Netflix Movie Analysis¶
In this project we use a dataset from Datacamp containing movie and TV show information from Netflix titles. The informaiton includes details such as genre, type, release year, etc. We answer two questions:
What was the most frequent movie duration in the 1990s?
How many action films in the 90s were under 90 min?
In [ ]:
import pandas as pd
import matplotlib.pyplot as plt
In [ ]:
netflix_df = pd.read_csv('/content/drive/MyDrive/Colab Notebooks/Datacamp/Netflix Movies/netflix_data.csv')
In [ ]:
netflix_df.info()
<class 'pandas.core.frame.DataFrame'> RangeIndex: 4812 entries, 0 to 4811 Data columns (total 11 columns): # Column Non-Null Count Dtype --- ------ -------------- ----- 0 show_id 4812 non-null object 1 type 4812 non-null object 2 title 4812 non-null object 3 director 4812 non-null object 4 cast 4812 non-null object 5 country 4812 non-null object 6 date_added 4812 non-null object 7 release_year 4812 non-null int64 8 duration 4812 non-null int64 9 description 4812 non-null object 10 genre 4812 non-null object dtypes: int64(2), object(9) memory usage: 413.7+ KB
What was the most frequent movie duration in the 1990s?
In [ ]:
movies_only = netflix_df[netflix_df['type'] == 'Movie']
In [ ]:
_90s_only = movies_only[(movies_only['release_year'] >= 1990) & (movies_only['release_year'] < 2000)]
In [ ]:
# Look at distribution
plt.hist(_90s_only['duration'], bins=10)
plt.title('Distribution of Movie Durations in the 1990s')

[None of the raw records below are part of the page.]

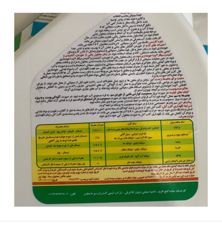 مواد خطرناک صورت پذیرد. سمیت برای محیط زیست این روغن برای ماهیها و زنبور عسل خطرناک است. دام و طیور قبل از سمپاشی از محل دور شوند. از چرای دام و طیور در نواحی تازه سمپاشی شده جلوگیری به عمل آید از آلودگی آبهای آشامیدنی جاری راکد و زیر زمینی به آفتکش و محلول آفتکش اکیدا خودداری شود از شستشوی دستگاههای سمپاشی نزدیک رودخانه و آبهای جاری خودداری گردد.
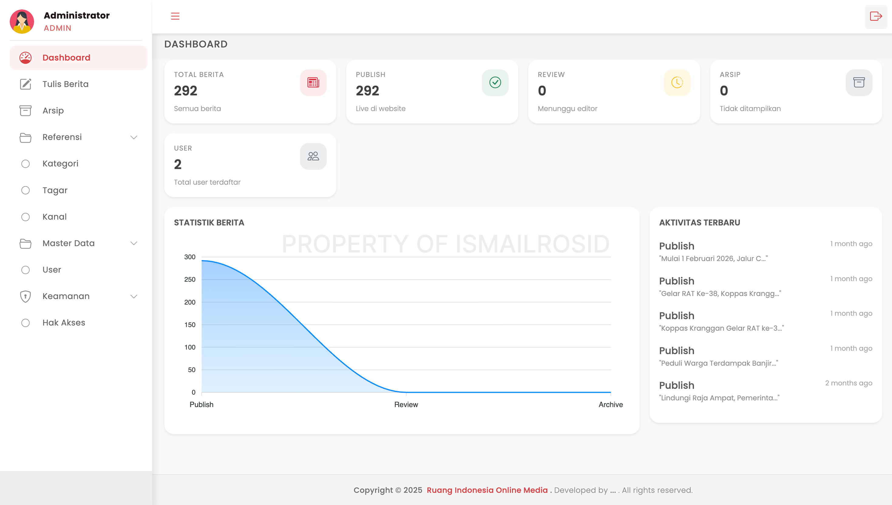 CMS (Content Management System) adalah aplikasi berbasis web yang digunakan untuk mengelola konten berita secara digital. Sistem ini menyediakan fitur penulisan dan publikasi berita, pengelolaan arsip, serta manajemen konten yang terstruktur melalui dashboard admin. Fitur utama meliputi Dashboard statistik, Tulis Berita, Arsip konten, Referensi data, serta pengelolaan Kategori, Tagar, dan Kanal berita. Selain itu, sistem juga dilengkapi dengan modul Keamanan, Hak Akses, Master Data, dan manajemen User untuk mengatur kontrol sistem secara menyeluruh. Dengan adanya fitur tersebut, CMS ini membantu proses pengelolaan konten menjadi lebih efisien, terorganisir, dan mudah digunakan dalam skala aplikasi nyata.
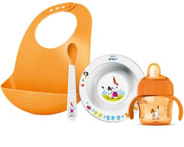 Набор для кормления Aventпоможет маме при кормлении малыша, проходя все этапы развития ребенка.Набор:Нагрудник для кормления резиновый ;Глубокая маленькая тарелочка 230 мл;"Волшебная"чашка-непроливайка (200 мл) c мягким носиком;Ложка с мягким основанием. Минимальная сумма заказа 500 руб.
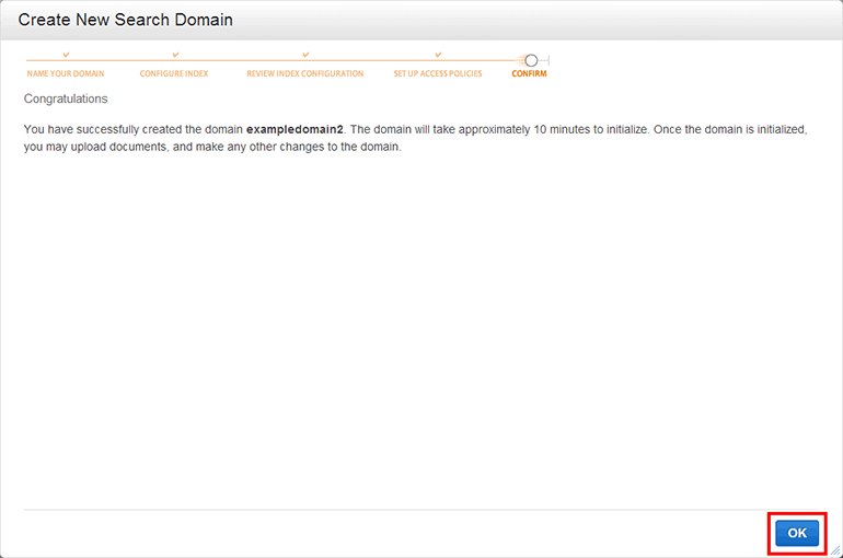 CloudSearch 검색 도메인 생성이 시작되었습니다. OK 버튼을 클릭합니다.
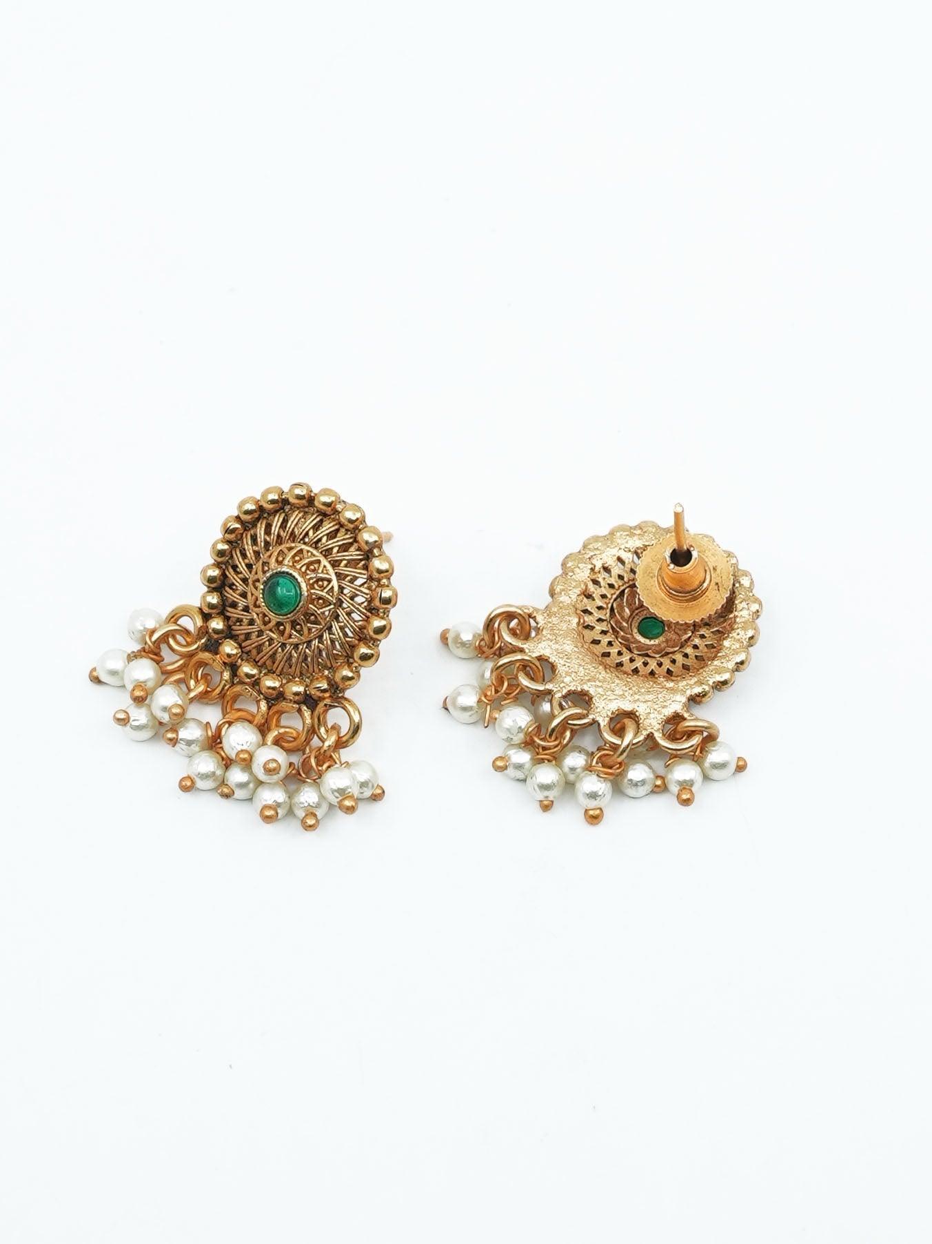 Treat yourself to some royal bling with this stunning gold-plated necklace set featuring glimmering kempu stones. Add a touch of elegance to any outfit - dress it up or down, you'll sparkle no matter the occasion!
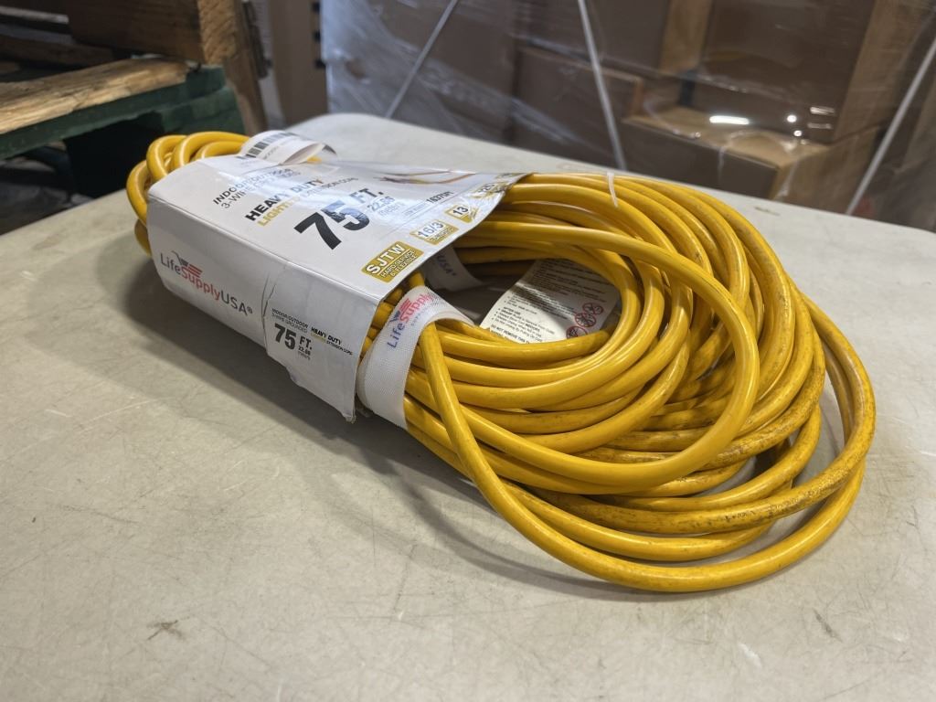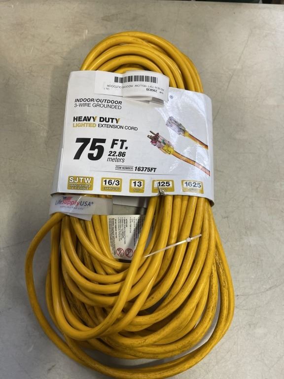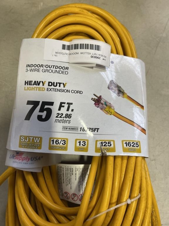 AS NEW 75FT YELLOW INDOOR OUTDOOR HEAVY DUTY LIGHTED 3 WIRE GROUNDED EXTENSION CORD 16AWG
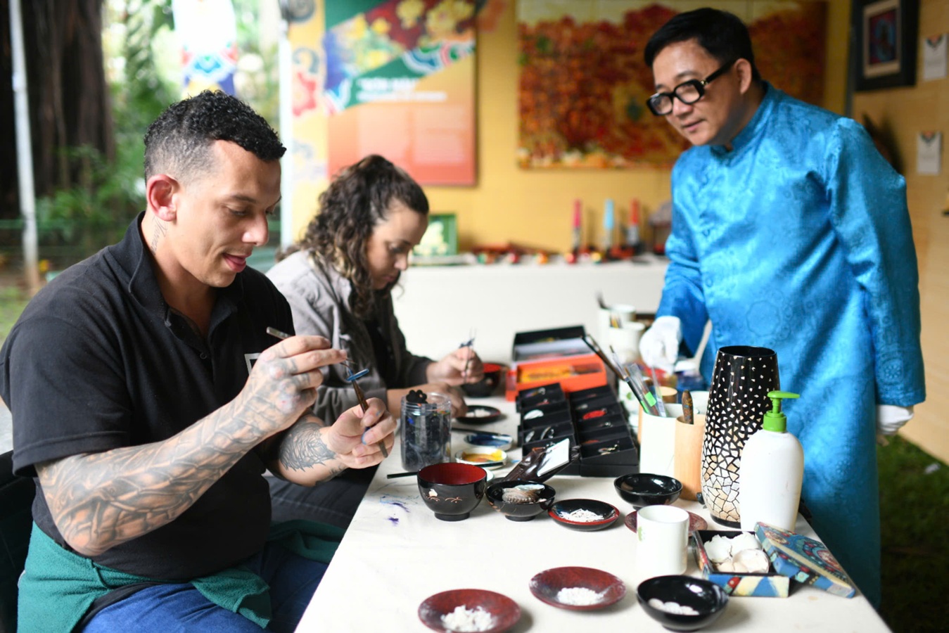 Được tự tay tạo tác bức tranh sơn mài của mình, các bạn trẻ Bra-xin say mê với từng nét cọ tinh tế và lớp màu óng ánh. Họ hiểu rõ hơn về sự kỳ công và nét đẹp sáng tạo của nghệ thuật sơn mài Việt Nam.
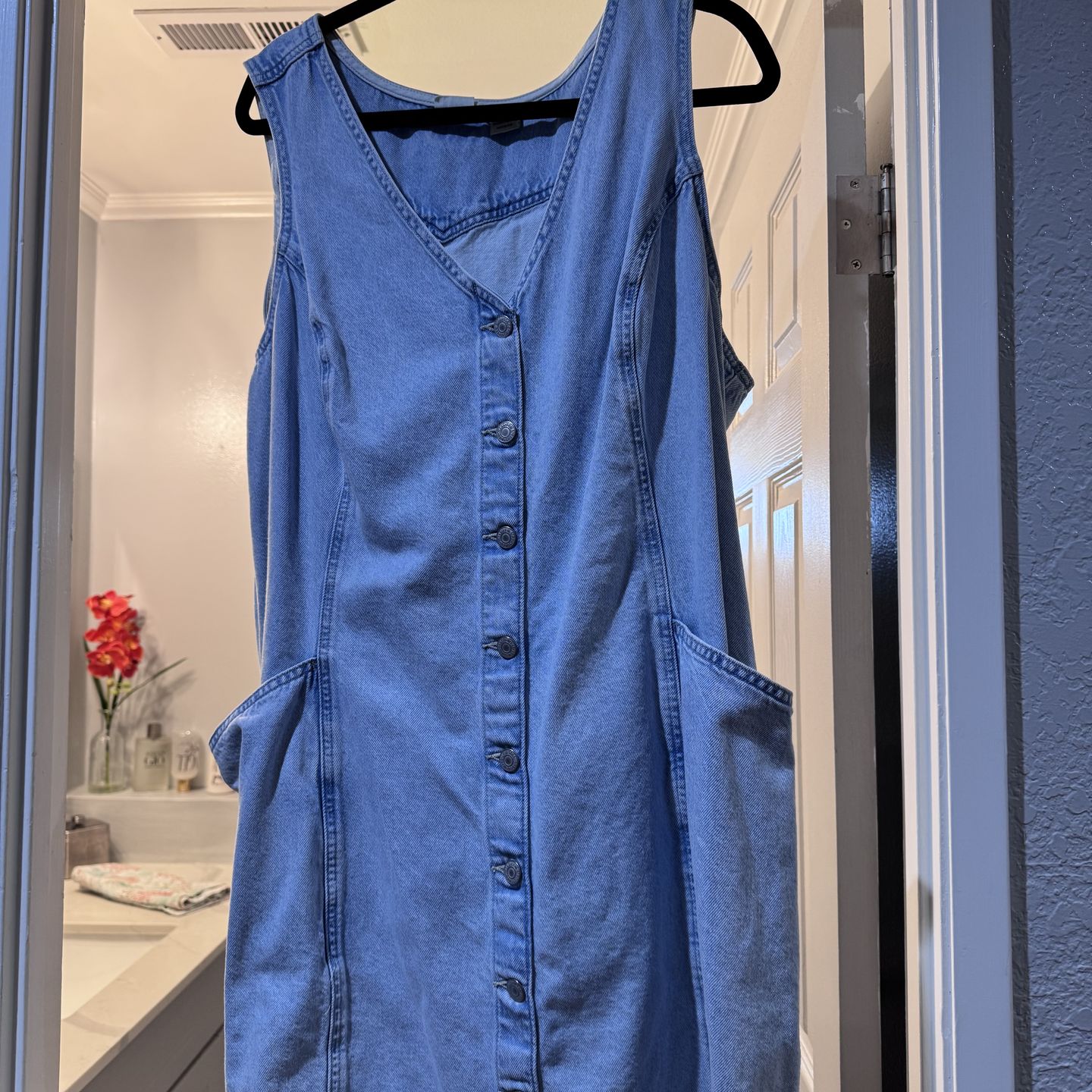 Stonewash style , V neck button front dress with cinch back to fit your body well. Brand new worn once. Size 3 x but fits more like 16. Adorable and can be worn with fitting t- shirt under for cute style. Knee length and very comfortable.

plt.xlabel('Duration (minutes)')
plt.ylabel('Number of Movies')
plt.show()
Most frequent duration looks to be around 100 min. We can calculate it more specifically using mode as seen below.
In [ ]:
_90s_only['duration'].mode()[0]
Out[ ]:
94
How many action films in the 90s were under 90 min?
In [ ]:
action_movies = _90s_only[_90s_only['genre'] == 'Action']
In [ ]:
(action_movies['duration'] < 90).sum()
Out[ ]:
7
There are 7 movies from the 90s where duration is < 90 min